• [PROBLEM DESCRIPTION]
Restate word for word the lines of the listing below, from its first line through the line with "审计局(部门) 2022 年度行政许可实施情况统计表", without the pictures.

• [DATA FOR THIS TASK]
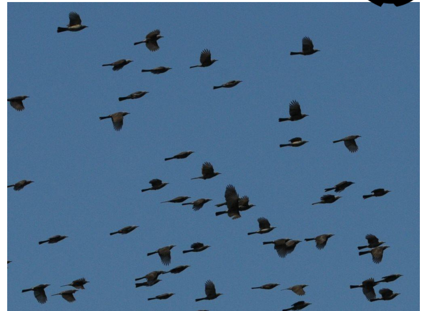
▲群れになって鳴き交わしながら移動するヒヨドリ。

渡り鳥は、毎年繁殖地と越冬地を往復する渡りを行います。秋になると、多くの渡り鳥が日本列島を南へ移動していきます。繁殖地から越冬地への秋の渡りです。
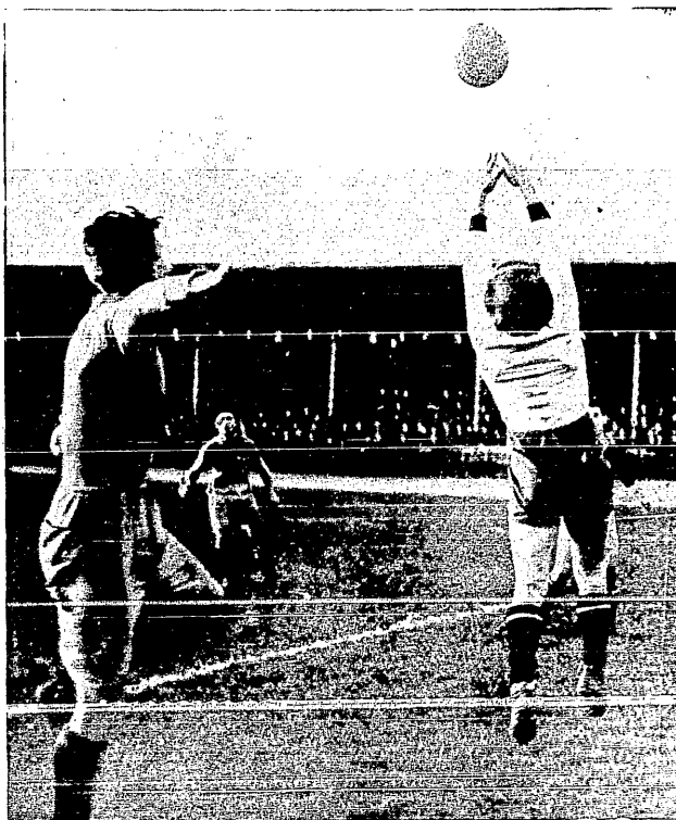
Z zawodów Szwecja—Polska w Krakowie.

Nie wyczerpujemy tu bynajmniej zakresu działania tej komisji. Z naszkicowanego zarysu widać, że czeka ją praca bardzo duża i to na czas dłuższy, poza referowaniem bowiem i działalnością praktyczną, wiele rzeczy będzie musiała wy-
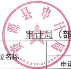
审计局(部门) 2022 年度行政许可实施情况统计表
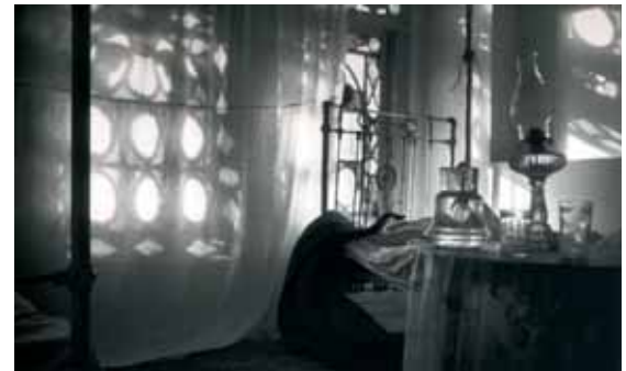
Nicolas Bouvier - Iran, 1954

Un grand merci aux libraires, auteurs et écrivains qui ont bien voulu nous accompagner dans cette démarche, et nous livrer leurs regards sur ces récits de voyage. Formulons enfin le vœu que cette première édition réponde à vos envies de découvertes littéraires et humaines.
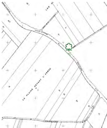
Extrait du cadastre

Symboliquement, un arbre a été replanté à proximité au début des années 2000 par la commune mais celui-ci a depuis totalement disparu.
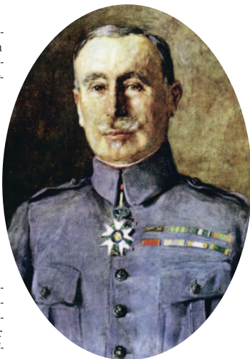
Robert Georges Nivelle tábornok

„zöld keresztet” harci gázzal intéztek támadást, s másnap a front keleti részén Souville és Tavannes felé nyomultak előre. A francia védelem megintgott, de a német támadás is kifulladás.
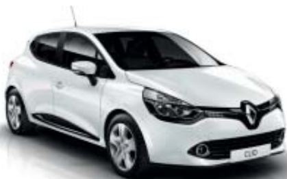
Blanco Glaciar (O)
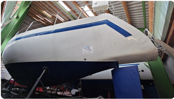
Feltz Alu One Off_8
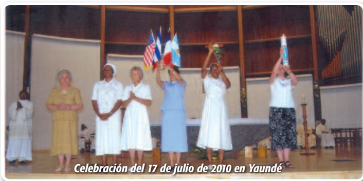
Celebración del 17 de julio de 2010 en Yaundé
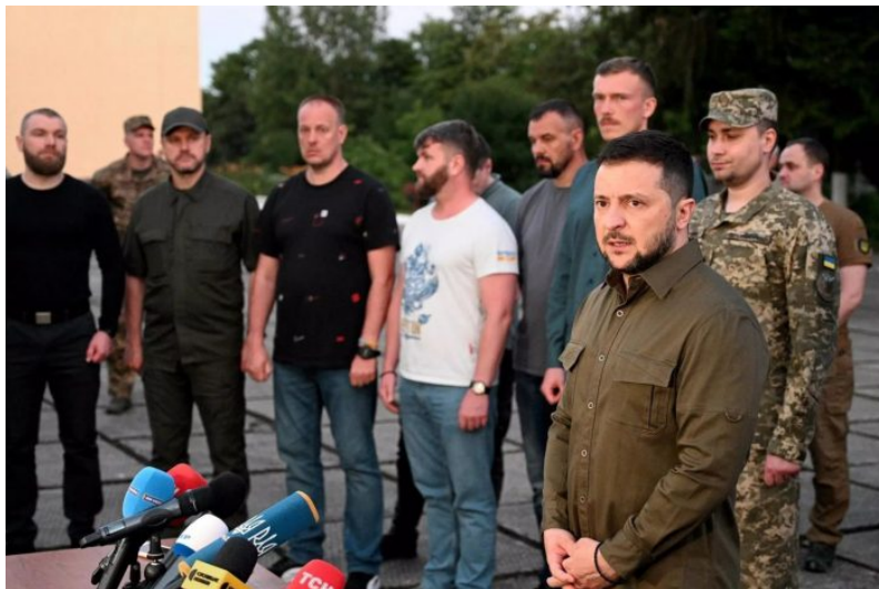
Zelenský na tiskové konferenci s Azováky po jejich návratu z Turecka

A to je velmi nebezpečná situace pro Vladimira Putina, protože to vysílá nebezpečný vzkaz i mnohem důležitějším partnerovi Ruska než je Turecko, a to je Čína! Pokud by i Čína přestala plnit dohody, pozice Vladimira Putina by byla opravdu ohrožena. A není vyloučeno, že toto, co provedl Erdogan, je testovacím a zkušebním balónem právě pro Čínu, která teď bude analyzovat a sledovat odvetu Ruska proti Turecku.

• [TASK OUTPUT]
▲群れになって鳴き交わしながら移動するヒヨドリ。

渡り鳥は、毎年繁殖地と越冬地を往復する渡りを行います。秋になると、多くの渡り鳥が日本列島を南へ移動していきます。繁殖地から越冬地への秋の渡りです。
Z zawodów Szwecja—Polska w Krakowie.

Nie wyczerpujemy tu bynajmniej zakresu działania tej komisji. Z naszkicowanego zarysu widać, że czeka ją praca bardzo duża i to na czas dłuższy, poza referowaniem bowiem i działalnością praktyczną, wiele rzeczy będzie musiała wy-
审计局(部门) 2022 年度行政许可实施情况统计表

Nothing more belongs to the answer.